====== DATASET SECTION ======
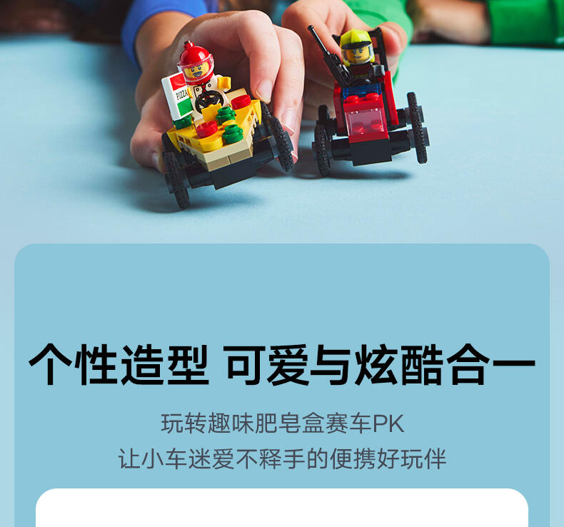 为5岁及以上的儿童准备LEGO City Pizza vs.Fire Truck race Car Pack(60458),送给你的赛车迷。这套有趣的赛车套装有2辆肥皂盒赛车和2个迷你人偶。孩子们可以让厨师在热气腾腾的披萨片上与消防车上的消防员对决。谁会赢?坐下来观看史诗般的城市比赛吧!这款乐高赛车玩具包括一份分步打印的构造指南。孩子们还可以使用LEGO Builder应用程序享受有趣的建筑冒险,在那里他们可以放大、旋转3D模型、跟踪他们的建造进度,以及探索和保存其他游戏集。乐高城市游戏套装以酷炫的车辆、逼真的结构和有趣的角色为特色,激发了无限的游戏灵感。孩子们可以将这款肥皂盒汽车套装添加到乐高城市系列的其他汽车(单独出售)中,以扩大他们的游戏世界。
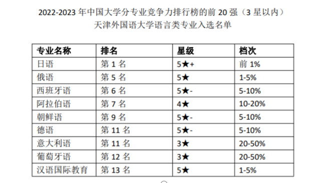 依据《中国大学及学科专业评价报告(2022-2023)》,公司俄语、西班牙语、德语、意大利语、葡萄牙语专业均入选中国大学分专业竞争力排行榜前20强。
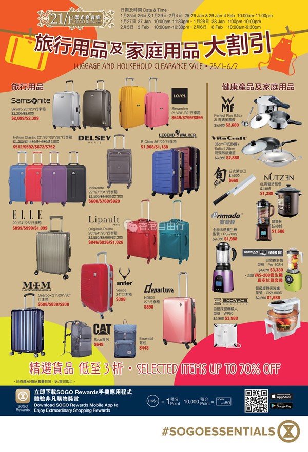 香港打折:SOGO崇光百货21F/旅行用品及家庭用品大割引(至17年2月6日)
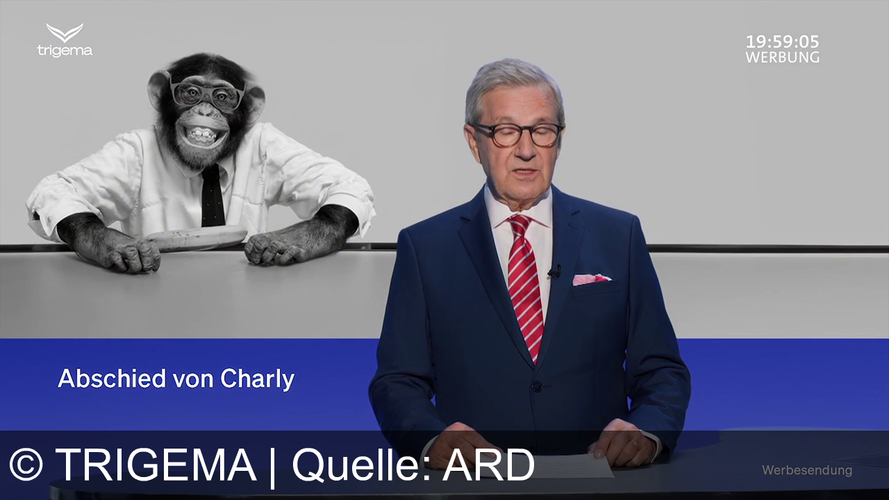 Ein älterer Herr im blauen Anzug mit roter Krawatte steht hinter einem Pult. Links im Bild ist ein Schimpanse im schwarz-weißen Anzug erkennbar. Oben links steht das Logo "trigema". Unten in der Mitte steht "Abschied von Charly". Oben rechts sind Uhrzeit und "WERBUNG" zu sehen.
======
§ **REQUIRED WORK**
Give back all the data exactly, minus pictures.

§ **WRITTEN SOLUTION**
 为5岁及以上的儿童准备LEGO City Pizza vs.Fire Truck race Car Pack(60458),送给你的赛车迷。这套有趣的赛车套装有2辆肥皂盒赛车和2个迷你人偶。孩子们可以让厨师在热气腾腾的披萨片上与消防车上的消防员对决。谁会赢?坐下来观看史诗般的城市比赛吧!这款乐高赛车玩具包括一份分步打印的构造指南。孩子们还可以使用LEGO Builder应用程序享受有趣的建筑冒险,在那里他们可以放大、旋转3D模型、跟踪他们的建造进度,以及探索和保存其他游戏集。乐高城市游戏套装以酷炫的车辆、逼真的结构和有趣的角色为特色,激发了无限的游戏灵感。孩子们可以将这款肥皂盒汽车套装添加到乐高城市系列的其他汽车(单独出售)中,以扩大他们的游戏世界。
 依据《中国大学及学科专业评价报告(2022-2023)》,公司俄语、西班牙语、德语、意大利语、葡萄牙语专业均入选中国大学分专业竞争力排行榜前20强。
 香港打折:SOGO崇光百货21F/旅行用品及家庭用品大割引(至17年2月6日)
 Ein älterer Herr im blauen Anzug mit roter Krawatte steht hinter einem Pult. Links im Bild ist ein Schimpanse im schwarz-weißen Anzug erkennbar. Oben links steht das Logo "trigema". Unten in der Mitte steht "Abschied von Charly". Oben rechts sind Uhrzeit und "WERBUNG" zu sehen.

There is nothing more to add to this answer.